Allan Boath

Personal information
- Full name: Allan Roderick Boath
- Date of birth: 14 February 1958 (age 67)
- Place of birth: Dundee, Scotland
- Height: 1.71 m (5 ft 7 in)
- Position: Midfielder

Youth career
- Celtic Boys Club

Senior career*
- Years: Team / Apps / (Gls)
- 1976–1977: Dundee United / 0 / (0)
- 1977–1978: Forfar Athletic / 15 / (0)
- 1978–1979: Woolston WMC / 36 / (10)
- 1980: Christchurch United / 21 / (2)
- 1981: Woolston WMC / 16 / (2)
- 1982: West Adelaide Hellas / 11 / (2)
- 1983–1984: Christchurch United / 22 / (4)
- 1984: Auckland University / 13 / (3)
- 1985–1988: North Shore United / 89 / (16)
- Total:  / 223 / (39)

International career
- 1980–1988: New Zealand / 38 / (6)

= Allan Boath =

New Zealand footballer

Allan Roderick Boath (born 14 February 1958 in Dundee, Scotland) is a former association football player, who represented New Zealand at international level.

==Career==
Having been developed as a player through the Celtic Boys Club, Boath signed for Dundee United but never played for the first team. He then played for Forfar Athletic for one season, making 15 appearances in the Scottish Football League.
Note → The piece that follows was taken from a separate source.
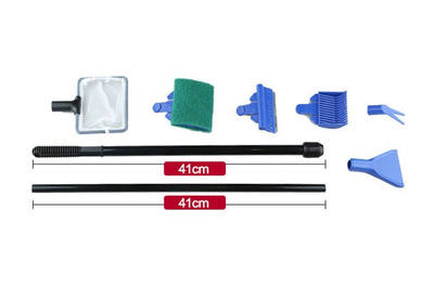 Рано чи пізно будь-який акваріум доводиться чистити. У такому випадку на допомогу приходить набір для чищення акваріума від SunSun. Набір складається з п’яти пластикових предметів, які кріпляться до ручки за допомогою зручної защіпки. Довжина ручки 54-80 см

Boath emigrated to New Zealand in 1978. He qualified to play for New Zealand through residency laws and made 38 A-International appearances for New Zealand, scoring six times.

He represented the All Whites for all three matches at the 1982 FIFA World Cup in Spain, where they lost to Scotland, USSR and Brazil.